1 (a), 1 (b) and 1 (c) are a rear view, a side view and a front view showing an application nozzle according to the present invention.

2 (a) and 2 (b) are cross-sectional views of a main part showing a state of forming an adhesive bead by a coating nozzle of the present invention and a conventional coating nozzle.

FIGS. 3A and 3B are a plan view and a cross-sectional view of a main part of a window glass, showing a state of forming an adhesive bead by a coating nozzle of the present invention.

FIGS. 4A and 4B are a rear view and a side view showing another embodiment of the application nozzle according to the present invention.

FIG. 5 is a cross-sectional view of a main part showing a state of forming an adhesive bead by a coating nozzle of the present invention.

FIGS. 6A and 6B are a plan view and a cross-sectional view of a main part of a window glass showing a state of formation of an adhesive bead by another application nozzle according to the present invention.

FIG. 7 is a rear view and a side view showing still another application nozzle according to the present invention.

FIG. 8 is a rear view and a side view showing still another application nozzle according to the present invention.

FIG. 9 is a cross-sectional view of a main part showing still another application nozzle according to the present invention.

FIG. 10 is an overall bird's-eye view showing the adhesive application equipment of the direct glazing equipment.

11 (a), (b) and (c) are a rear view, a side view and a front view showing a conventional application nozzle.

FIG. 12 is a perspective view of an essential part showing a state of forming an adhesive bead by a conventional application nozzle.

FIG. 13 is an essential part cross-sectional view showing how the window glass is attached to the body.

FIG. 14 is a cross-sectional view of a window glass showing a mode of forming an adhesive bead.

FIG. 15 is a perspective view of a main part showing an aspect of forming an adhesive bead by an adhesive discharge gun.

FIG. 16 is a plan view showing a mode of movement of the application nozzle with respect to the window glass.

FIGS. 17 (a) and (b) are cross-sectional views of relevant parts showing differences in the formation state of an adhesive bead based on the inclination of a window glass by a conventional coating nozzle.

FIG. 18 is a plan view of a main part of a window glass showing a positional shift of an adhesive bead generated in a conventional application nozzle.

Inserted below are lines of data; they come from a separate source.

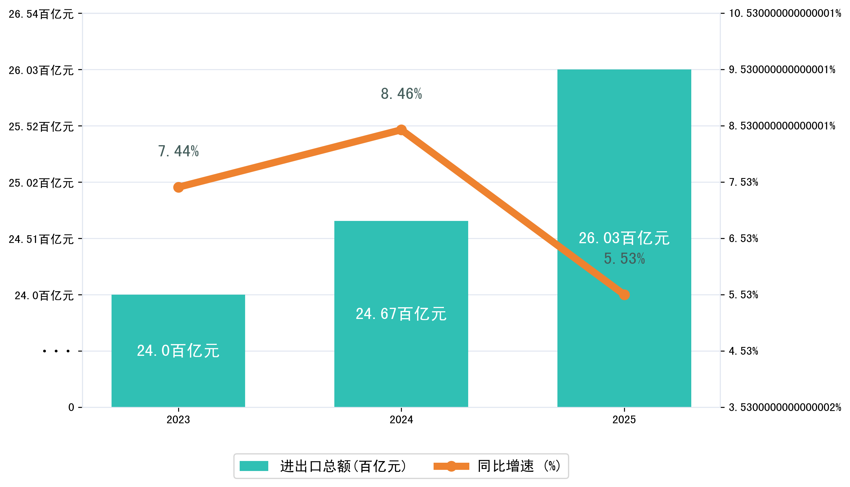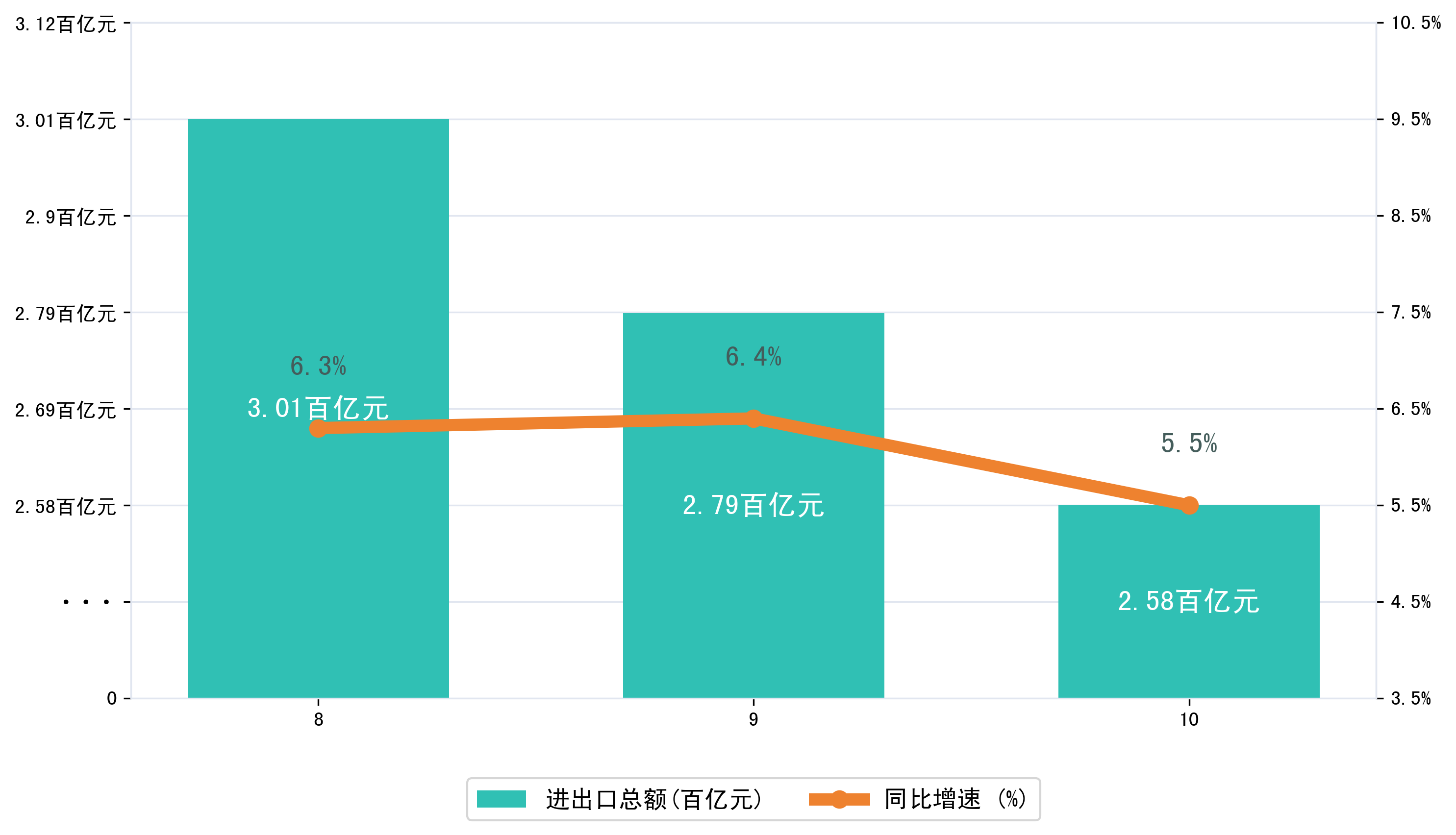以人民币计,2025年1-10月温州市进出口总额为2603,1908.0999万元,相比上年同期增加了136,3638.4244万元,同比增加了5.50%。
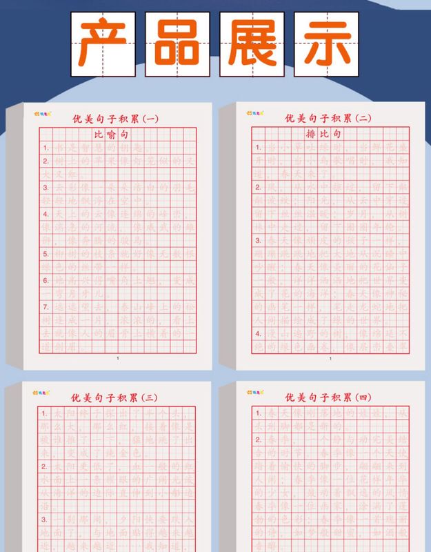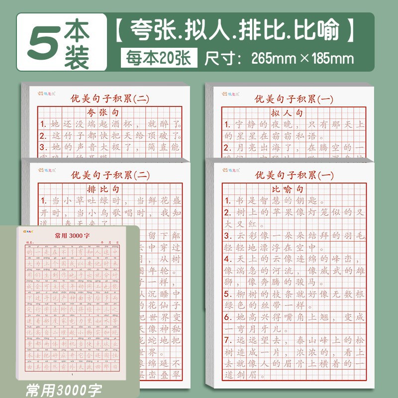 - Specification: 【Upgraded and Thickened】1 Set of 4 Books of Beautiful Sentences + 1 Book of 3000 Common Characters
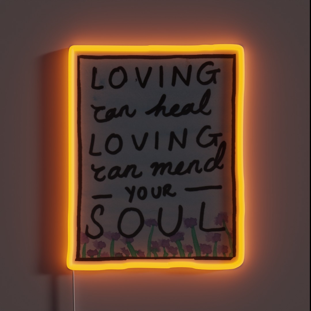 Add a touch of emotional depth to your space with this vibrant Loving Can Mend Your Soul RGB neon sign, perfect for those seeking positivity and self-healing inspiration.
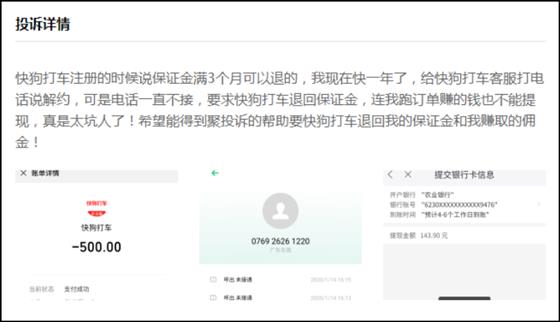 并且刘师傅还表示,不仅保证金的退还申请没有回应,连刘师傅跑订单赚的钱也没办法提现,“快狗打车平台实在是欺人太甚”。
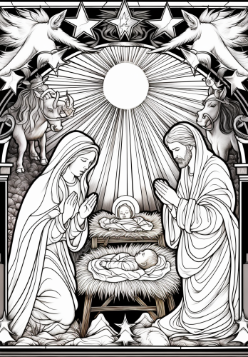 Coloring page of an overview of the manger where Jesus was born, intricate details of the stable structure, animals resting, Mary and Joseph by the manger, one bright star in the sky, black and white, line art, clean coloring book page, No dither, no gradient, strong outline, No fill, No solids, no shading, --ar 9:13 --v 5.2
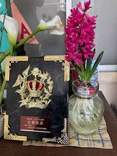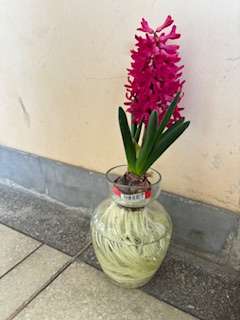 校長室前に置いている水栽培のヒヤシンスが咲きました。春の香りも運んできています。
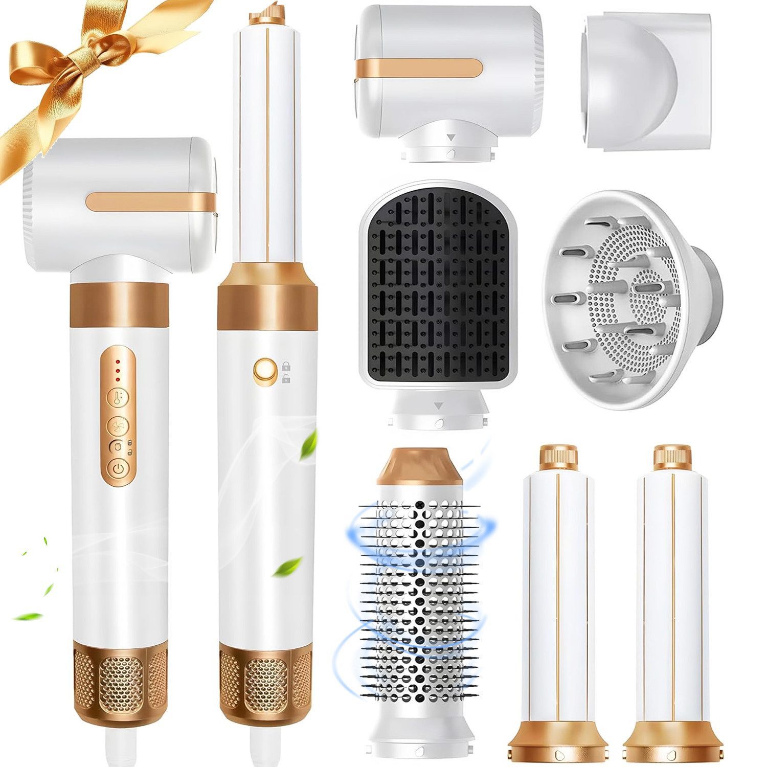 7-in-1 Haartrockner SetDieses vielseitige Haarset ist mit sieben verschiedenen Aufsätzen ausgestattet, darunter ein Haartrockner, eine Heißluftbürste, ein Rundkamm, ein luftumhüllender Lockenstab, ein Volumenstyler und ein Konzentrator, um Ihnen einfaches Styling und Zeitersparnis zu ermöglichen. Geeignet für verschiedene Frisuren, sowohl für Frauen als auch Männer.

FIG. 19 is a cross-sectional view of a main part of a window glass showing slippage of an adhesive bead generated in a conventional application nozzle.

[Explanation of symbols]

 1, 2, 3, 4, 5 ... coating nozzle, 1r, 2r, 3r, 4r, 5r ... lower end peripheral wall, 1o, 2o, 3o, 4o, 5o ... lower end opening, 1a, 2a, 3a, 4a, 5a ... opening Edges, 1A, 2A, 3A, 4A, 5A: Notch, W: Window glass (work).

Claims (2)

[Claims] 1. A workpiece having a pipe-like shape and extending vertically, a notch for forming a bead of a high-viscosity fluid in a lower end peripheral wall, and moving while feeding a high-viscosity fluid from a lower end opening. A coating nozzle for continuously applying a high-viscosity fluid to a surface, wherein an opening edge of a lower end opening is inclined with respect to a vertical axis in a manner following the inclination of the surface of the work. nozzle. 2. The application nozzle according to claim 1, wherein a window glass of an automobile is used as a work, and an adhesive as a high-viscosity fluid is applied to the window glass.